None of this is really pertinent to the story but perhaps explains why I was a little distressed to find that the iconic bourbon maker Jim Beam was being purchased by a Japanese company called Suntory. Judging by the comments I read at the bottom of the story; I think most people had my initial reaction to the sale, distress. I thought I’d write a blog on why it shouldn’t come as a surprise.
Jim Beam is certainly an iconic American whiskey but those of us who imagine the romantic ideal of the family owned business that is beyond the globalization of today’s market are living in a fantasy realm. Beam purchased National Brands and renamed it Fortune Brands in 1987. This purchase brought with it a number of liquor brands and other products. By the time 2010 rolled around the company wasn’t doing so well and Fortune Brands began to spin-off their non-spirit components. The remaining company ended up being called Beam Inc.
During this time they worked hand-in-hand with a number of foreign companies namely Pernod Ricard of France. In addition they sold much of their wine operations to Constellation Brands. For most of the time they were also working directly with a Japanese brewing and distillery company named Suntory.
Beam acted as distributor for Suntory in a number of nations while Suntory did the same from Beam in other countries.
This is reality. We live in a global market and business leaders understand this. The next time you speak with a wealthy person ask them what percentage of their portfolio is in U.S. stocks. It’s not just about average folks purchasing Asian goods at Walmart. This is the world in which we live and those who don’t understand it are doomed to fall by the wayside.
We can spend our energy writing vitriolic comments about how United States has less economic power in the world but it’s not going to reverse the trend. We can complain and moan about how a great American Distillery has been sold out but the other option is worse; they are swamped by larger and more profitable companies and vanish.
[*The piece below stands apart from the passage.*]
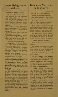 Wandanschlag in deutscher und französischer Sprache. Veröffentlicht im von Deutschland besetzten Gebiet im Westen (wahrscheinlich Frankreich, da zweisprachig), 11./12. Dezember 1914. "Letzte Kriegsnachrichten. 11. Dezember Grosses Hauptquartier: Heftiges Artilleriefeuer der Franzosen gestern bei Jonain. Ein am oestlichen Argonnenwalde auf Rocroi-Evureuilles erneuter Angriff kam nicht vorwaerts. Er erstarb in unserem Artilleriefeuer, das dem Gegner augenscheinlich groessere Verluste beibrachte. 3 feindliche Flieger warfen gestern auf Freiburg i. Br. 10 Bomben herab, die keinen Schaden anrichteten. Wir erwaehnen den Vorfall nur, da sein Beginn des Krieges schon haeufig offene Staedte abseits des Operationsgebietes vom Feinde mit Bomben beworfen worden sind. Oestlich der masurischen Suempfe fanden nur Artilleriekaempfe statt. - In Nordpolen nahm auf dem rechten Weichselufer eine unserer dort vorgehenden Kolonnen Srzasnysz im Sturm und erbeutete einige Maschinengewehre und 600 Gefangene. - In Suedpolen wurden russische Angriffe abgewiesen. Wien: (amtlich). Ein Teil unserer Truppen in Serbien stiess westlich Milanowae auf starke feindliche Kraefte; um dem Gegenstoss auszuweichen, wurden einzelne Teile in guenstigere Abschnitte befohlen. Suedlich Belgrad schreitet unsere Offensive vorwaerts. Am 8. Dezember wurden insgesamt 20 Geschuetze und 1 Scheinwerfer und eine Anzahl Gefangene gemacht. Wien: (amtlich). In Westgalizien kaempfen starke Kraefte auf beiden Seiten. Bisher wurden 10 000 Russen gefangen. Konstantinopel: (amtlich) Russischer Landungsversuch in Goma, suedlich Batum, unter Schutz der Kriegsschiffe abgeschlagen. 2 Geschuetze erobert. Im Wilajet WAn russische Angriffe abgeschlagen. Den 12. Dez. 1914. Grosses Hauptquartier: Fortschritte in Flandern, im Osten und Westen der Argonnen sowie in Nordpolen. Franzoesische Angriffe im Bois de Pêtre, westlich von Pont-à-Mousson, wurden abgewiesen. Wien: (amtlich) In der Schlacht in Galizien ist noch keine Entscheidung gefallen. Russische Angriffe wurden unter schweren Verlusten fuer den Feind abgeschlagen. In Polen Ruhe. Przemysl ist eingeschlossen aber nicht angegriffen. Besatzung macht taeglich mehr oder weniger grosse Ausfaelle."

While there are certainly dangers to globalization it is the reality of modern business. If you want the United States and the companies therein to bury their head in the sand, to wave their flags and ignore the economics of the actual world, well, be prepared for what happens.
I know we don’t like to hear it but its embrace globalization or be buried by it. This isn’t a joke, ask the CEO of any Fortune 1,000 company. Ask Parker and Craig Beam. They get it.